[Stored data entries]
-- -- --
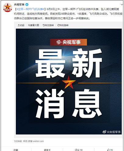 @央视军事 消息,6月9日上午,空军一架歼-7飞机在训练中失事,坠入湖北襄阳某机场附近,造成地方民房受损。目前发现2名群众受伤,1名遇难,飞行员跳伞成功。飞行员和受伤群众已送医院检查治疗。事故原因和伤亡情况正进一步调查核实。
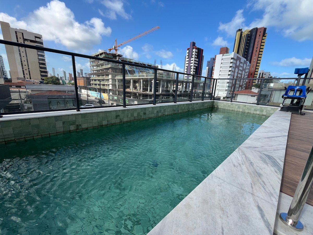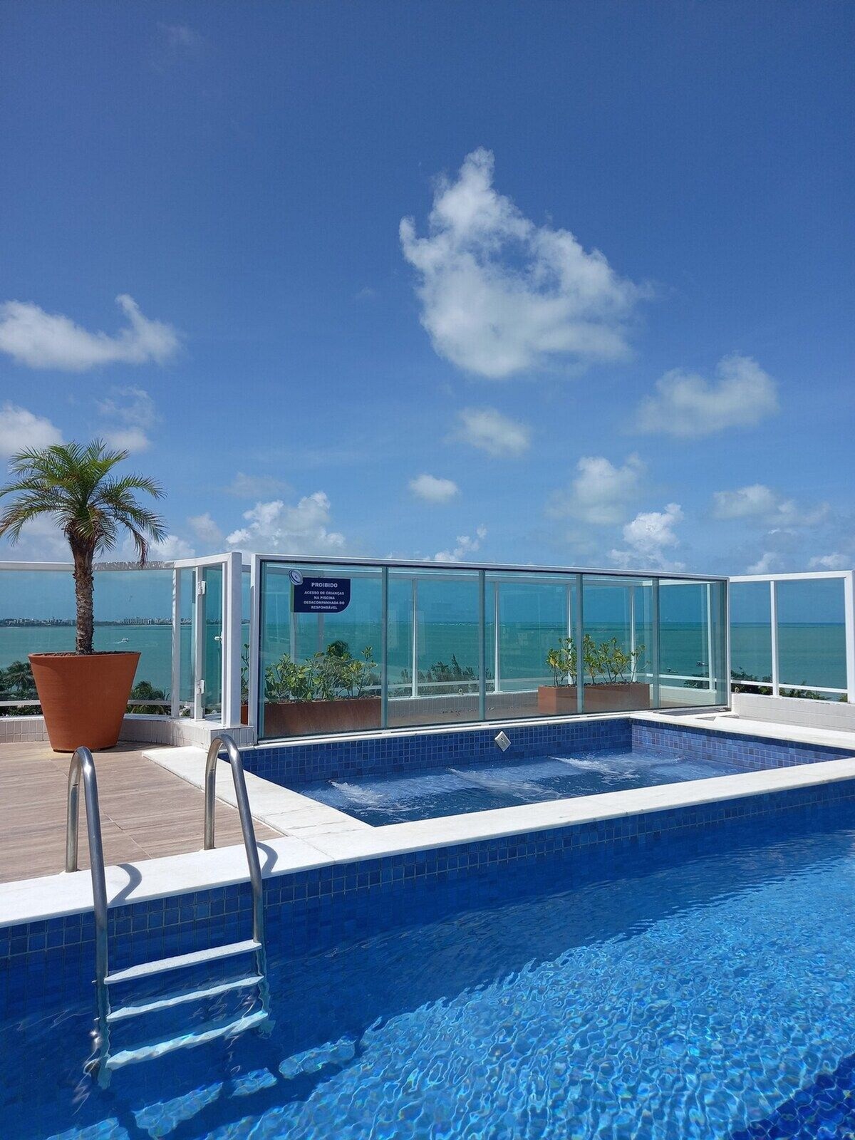 O Paraíso no Bessa - Luxuoso flat com jacuzzi privativa, pé na areia na praia do Bessa. Nossa acomodação é perfeita para quem busca conforto, elegância e uma vista de tirar o fôlego ! Área externa privativa com uma linda jacuzzi particular. Quarto e sala climatizados, cozinha completa, Wi-Fi, Smarts TV sala. O condomínio possui uma piscina incrível na cobertura, academia, sala de jogos, lavanderia e coworking. Localizado perto de restaurantes, bares e com serviço de praia em frente ao prédio.
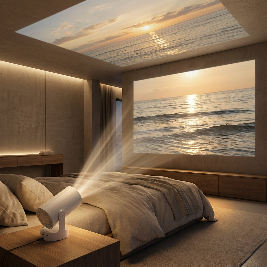 Takket være den 180° svingbare basen og den smarte bildekorrigeringen kan du vippe, snu og projisere på praktisk talt alle overflater uten behov for stativ eller feste.
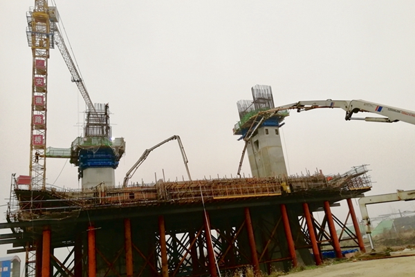 裕溪河特大橋主橋0#塊開始澆筑
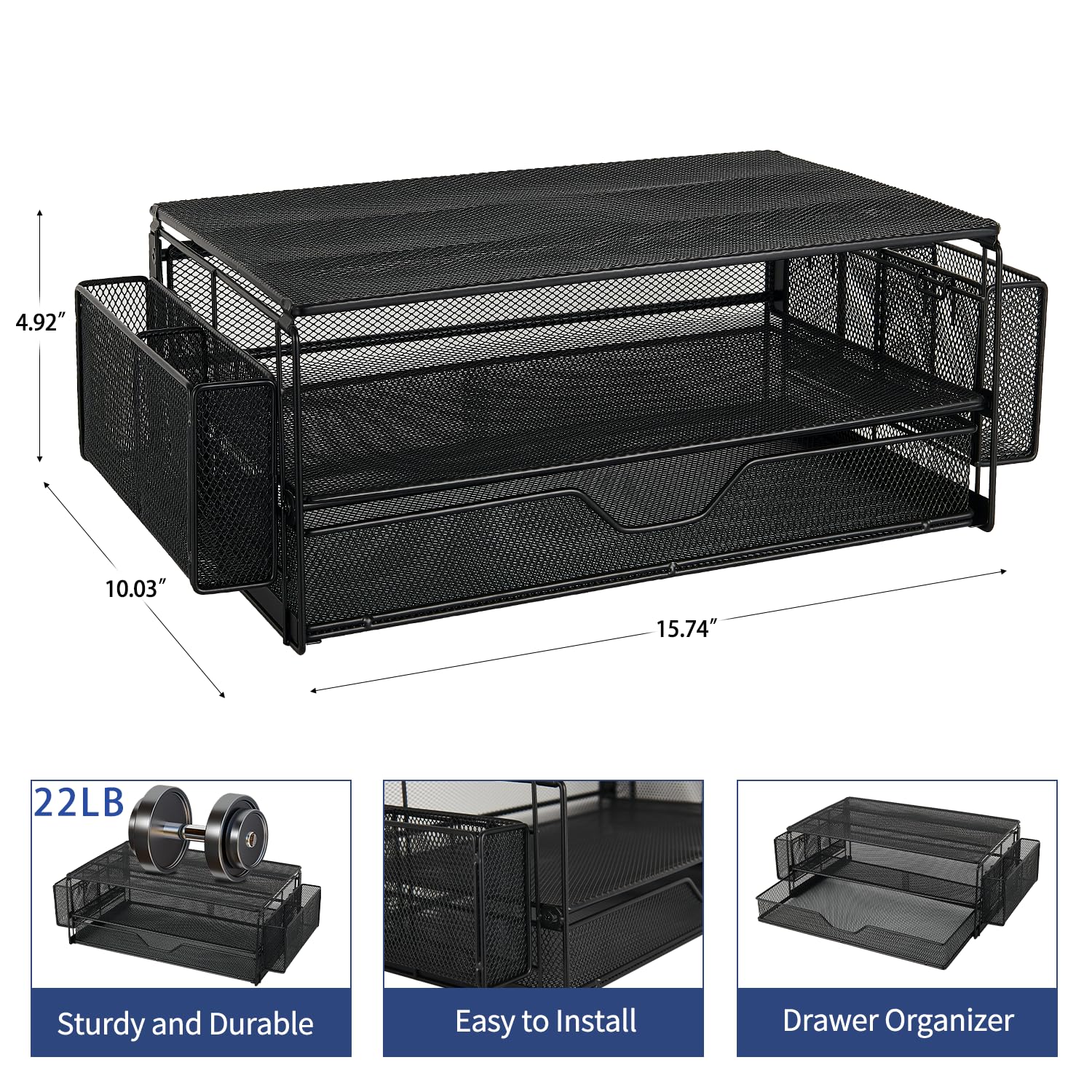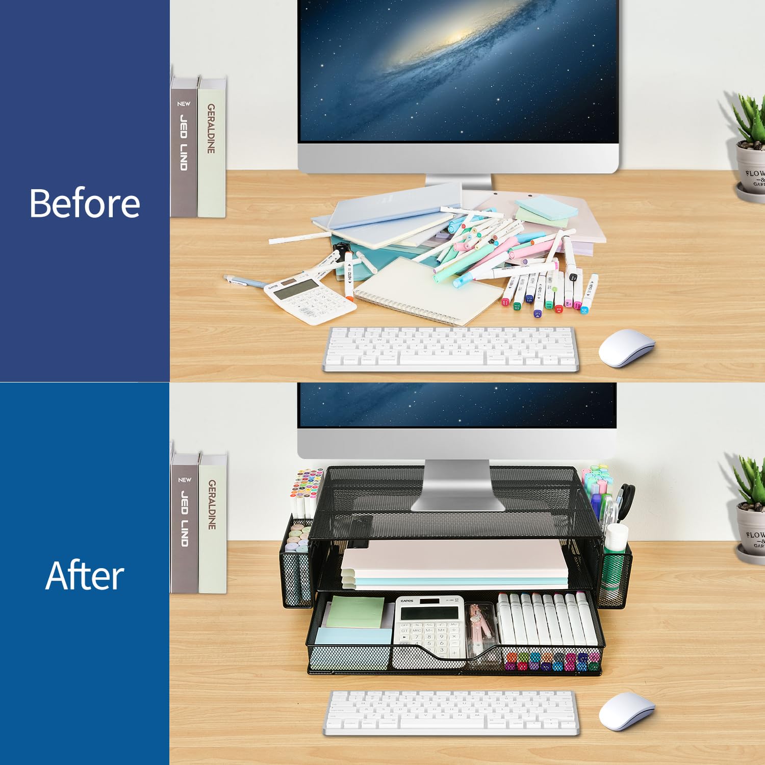 • Space Saving: Our dual-tier desktop organizer with drawer and 2 pen holders stores office supplies and office desk accessories neatly. As a purpose monitor riser, it keeps your workspace organized, helping you focus and work efficiently
-- -- --
[Task directions] An exact copy of the entries, minus the pictures, is what's needed here.

[Answer to this task]
 @央视军事 消息,6月9日上午,空军一架歼-7飞机在训练中失事,坠入湖北襄阳某机场附近,造成地方民房受损。目前发现2名群众受伤,1名遇难,飞行员跳伞成功。飞行员和受伤群众已送医院检查治疗。事故原因和伤亡情况正进一步调查核实。
 O Paraíso no Bessa - Luxuoso flat com jacuzzi privativa, pé na areia na praia do Bessa. Nossa acomodação é perfeita para quem busca conforto, elegância e uma vista de tirar o fôlego ! Área externa privativa com uma linda jacuzzi particular. Quarto e sala climatizados, cozinha completa, Wi-Fi, Smarts TV sala. O condomínio possui uma piscina incrível na cobertura, academia, sala de jogos, lavanderia e coworking. Localizado perto de restaurantes, bares e com serviço de praia em frente ao prédio.
 Takket være den 180° svingbare basen og den smarte bildekorrigeringen kan du vippe, snu og projisere på praktisk talt alle overflater uten behov for stativ eller feste.
 裕溪河特大橋主橋0#塊開始澆筑
 • Space Saving: Our dual-tier desktop organizer with drawer and 2 pen holders stores office supplies and office desk accessories neatly. As a purpose monitor riser, it keeps your workspace organized, helping you focus and work efficiently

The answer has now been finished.